Minnesota Prairie Line

Overview
- Headquarters: Glencoe, Minnesota
- Reporting mark: MPLI
- Locale: Minnesota
- Dates of operation: 2002–

Technical
- Track gauge: 4 ft 8+1⁄2 in (1,435 mm) standard gauge
- Length: 94 mi (151 km)

Other
- Website: http://www.tcwr.net/mpl/

= Minnesota Prairie Line, Inc. =

Minnesota Prairie Line is a short-line railroad in the U.S. state of Minnesota which started operations in October 2002. It is a subsidiary of the Twin Cities and Western Railroad (reporting mark TCWR), and runs on 94 mi of track owned by the Minnesota Valley Regional Railroad Authority (MVRRA). It has been partially funded through federal and state government sources. The tracks were originally built by the Minneapolis and St. Louis Railway around 1880 between Norwood and Morton, and 1884 west of there. From Morton west, the line was built by the Wisconsin, Minnesota & Pacific Railway, and this stretch of track was subsequently purchased by M&STL in the late 1880s. The line connects on its eastern end to parent TC&W at Norwood, and extends westward to Hanley Falls, Minnesota.

The Minneapolis and St. Louis Railway was acquired by Chicago and North Western (reporting mark CNW) in 1960. The line remained profitable, with the C&NW taking heavy tonnage off the route, but maintenance of the tracks slowed and then ceased. In 1983 the North Western was granted permission to abandon the line. The Minnesota Valley Regional Rail Authority purchased the line in 1984. Subsequently, a new operator, the MNVA Railroad, commenced operations on the line in March 1984. In December 1994, MNVA ceased operations and sold its assets to the Minnesota Central Railroad (MCTA). MCTA experienced little to no success, and ceased operations in 1999. The Nobles Rock Railroad then operated the line until 2000, when operations ceased and the line subsequently languished for two years.

Twin Cities and Western employees took an exploratory journey along the track in April 2002 to determine its condition. The track was rehabilitated over the summer, but could still only support speeds of 5 to 10 mph by the time the first revenue train ran in October. MPLI initially used two former TC&W EMD GP10s, which had the MPLI logo applied to them on the long hood side. Currently, MPLI utilizes Red River Valley and Western Caterpillar Generation II locomotives (GP20Cs and GP15Cs). Trains typically run five days per week between Norwood and Wood Lake, Minnesota, with service as needed to Hanley Falls. Track condition remained poor as of 2009, still only supporting speeds of 10 mph or less, but the railroad had success in securing state and federal funding that year. The tracks have been rehabilitated with new rail and ties, and train speed are up to 25 mph between Norwood Young-America and Winthrop. At Winthrop, there is an ethanol plant that is a large shipper for the railroad. Over the remainder of the line train speeds are only 10 mph.

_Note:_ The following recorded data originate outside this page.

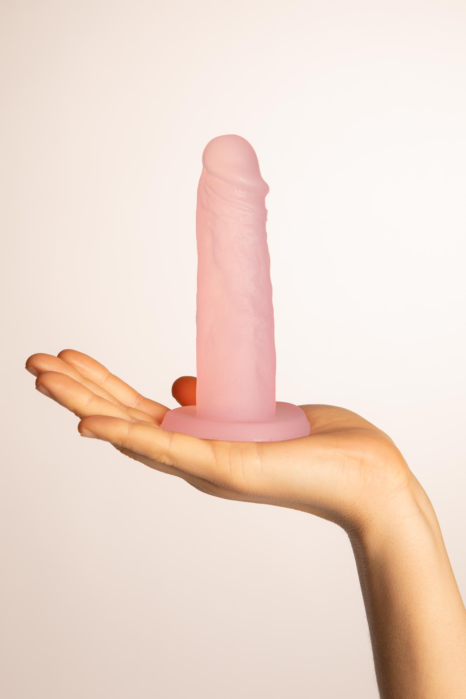 È realizzato in silicone morbido e sicuro per il corpo, che garantisce una sensazione confortevole. Questo dildo misura 14 cm, il che lo rende perfetto per i principianti. Attaccalo a qualsiasi superficie liscia o piana con la potente ventosa o usalo con un'imbracatura. Pulisci facilmente il dildo dopo l'uso con acqua tiepida e un detergente per toy.
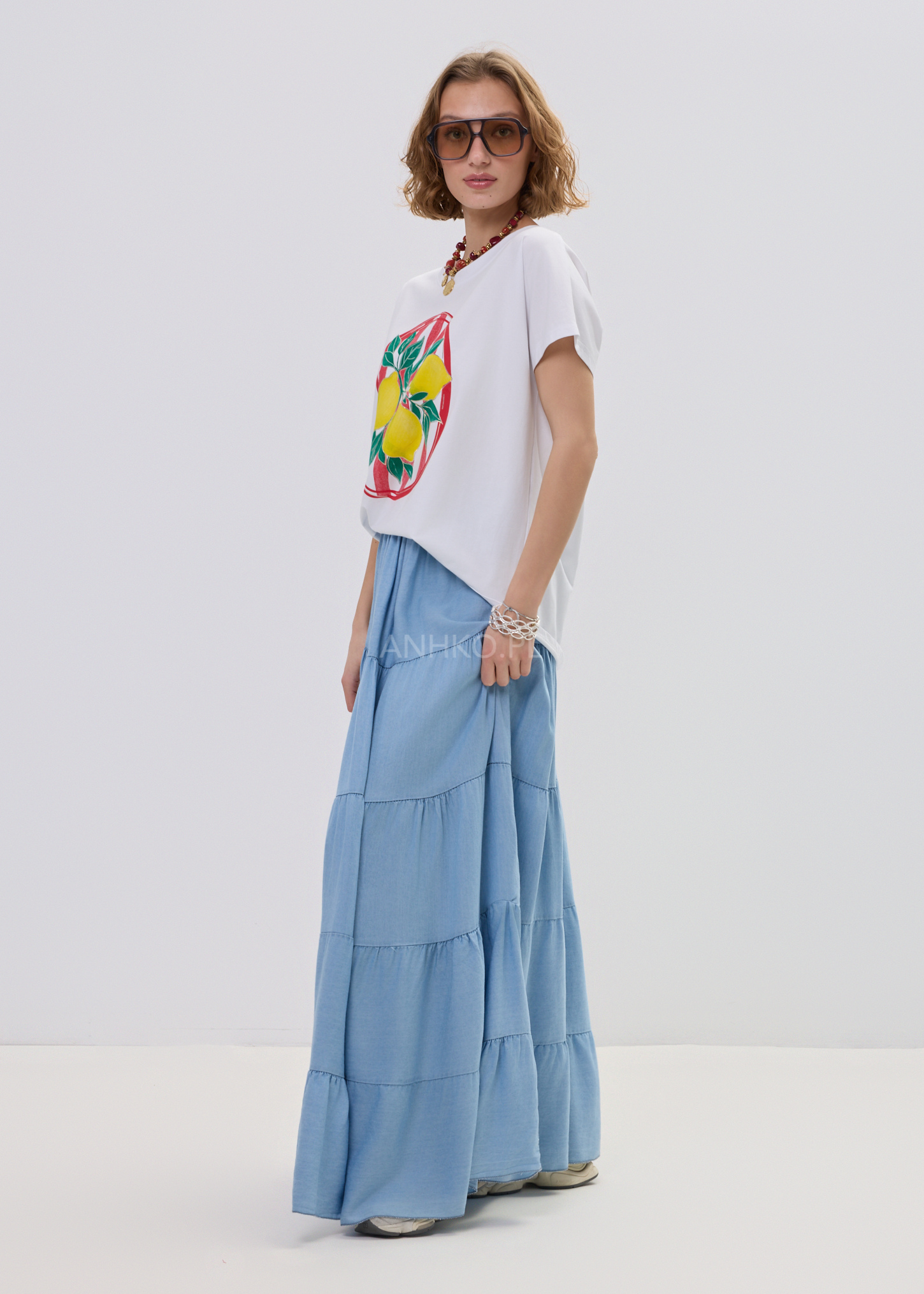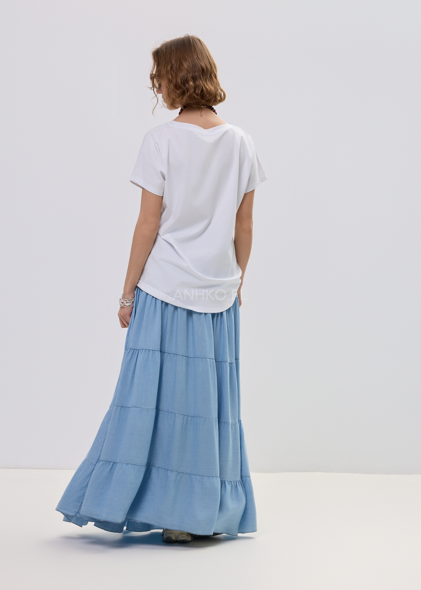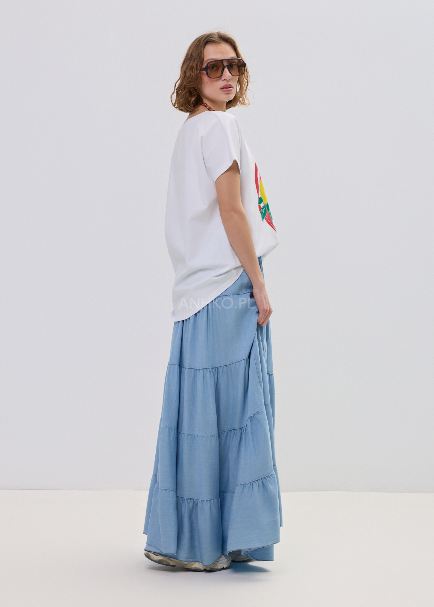 Spódnica Brellana Niebieska - Zwiewna, błękitna spódnica maxi z miękkiego Tencelu. Idealna na lato – lekka, oddychająca i kobieca. Sprawdzi się na co dzień i podczas wakacyjnych wyjazdów.
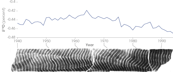 Correcting for the Skew: Scientists can correct for the temperature factor by looking at other chemicals in the shells. In coral, for example, the balance between strontium and calcium is determined by temperature. By measuring the amounts of these chemicals in the coral, scientists can determine the ocean’s temperature, then calculate how much more heavy oxygen the shells were likely to incorporate at that temperature. Discrepancies in the oxygen isotope ratio after the temperature correction reveal changes in the ocean’s local salinity, which is related to evaporation, rainfall and runoff, and global salinity—a measure of the total amount of ice in the world.
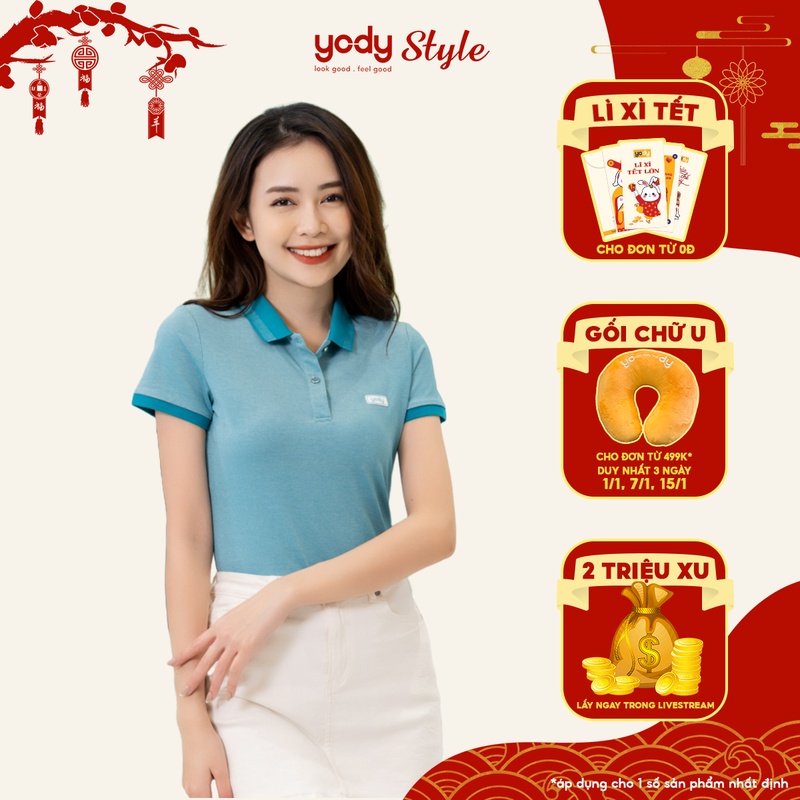 Áo Polo nữ YODY Phối Bo Mắt Chim Basic - Áo thun polo cá sấu chất vải Cotton co dãn 4 chiều - APN3340
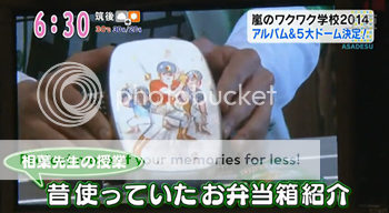 門把的便當時間是NINO抽到了雅紀媽媽準備的便當(雅紀隨意讓NINO抽)。於是雅紀把便當拿出來,便當盒是以下這個樣式。上面是一些super hero打棒球吧?(完全沒看過)。潤問這個便當盒用了多久?雅紀說這個便當盒用了30年啊……翻過來看後面有些了あいばかつひさ這幾個字。打開便當盒,有雅紀最愛的KARAGE(炸雞)!也有蛋餅,香腸和小番茄。NINO說相葉媽媽有準備了信。於是NINO來閱讀信的內容。我大概是記得這些……『首先,雅紀很喜歡炸雞呢。(雅紀說很喜歡!)雅紀不喜歡吃番茄每次把番茄放在旁邊。(雅紀現在已經能吃了)』NINO說還有另個相葉媽媽準備的便當是給雅紀成長期吃的,打開上層是撒拉,下層是用蕎麥面做的意大利面,混合海鮮一起煮。於是請門把也來試試看媽媽準備的面。(我說櫻井翔!你在電視上啊!請不要一次夾那麼多面啦!我看便當裡一半都被阿翔吃掉了。看看我們利達都拿這麼少。)
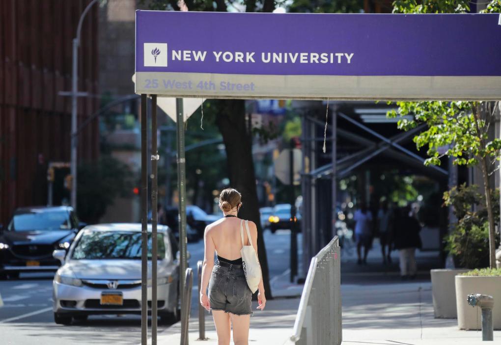 2020年7月14日,一名女子從美國紐約大學的教學樓前走過。新華社記者王迎攝
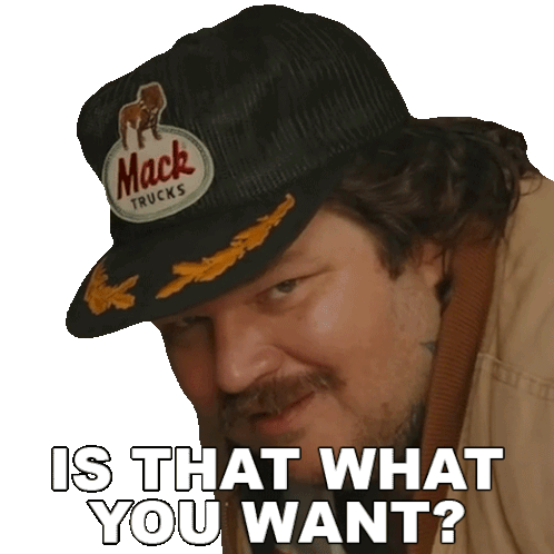 Matty Matheson, wearing a Mack Trucks hat, asks 'Is that what you want?' with a knowing smirk.
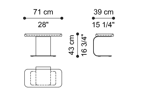 The Seattle coffee table by Gianfranco Ferré Home features a calendered steel frame with a matte black finish or upholstered in saddle leather from the collection. The solid wood tray is tulip-shaped. Dimensions: L 71 x D 39 x H 43 cm
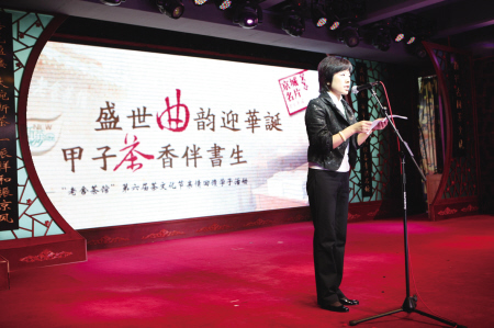 一台由老舍茶馆演员和高校学子共同参与的演出,为整个活动掀起了高潮。老舍茶馆的皮影戏表演、长嘴壶茶艺、传统节目双簧、川剧变脸,以及北京大学的“太极剑”,北京工业大学的相声“黄鹤楼”,北大、农大和人大联合表演的“绿、黄、白茶”茶艺,北京科技大学与中国农大联合展示的“黑、红茶”茶艺,精彩纷呈,掌声不断。

The line meets BNSF tracks in Hanley Falls. BNSF now owns the ex-M&StL track west of the city, as well as the ex-Great Northern track running northeast / southwest through town.

The communities of Fairfax and Belview still have old Minneapolis and St. Louis train stations preserved in their towns, turned into museums. The Fairfax building is still in its original location right next to the tracks, while the one in Belview has been moved a short distance from the line.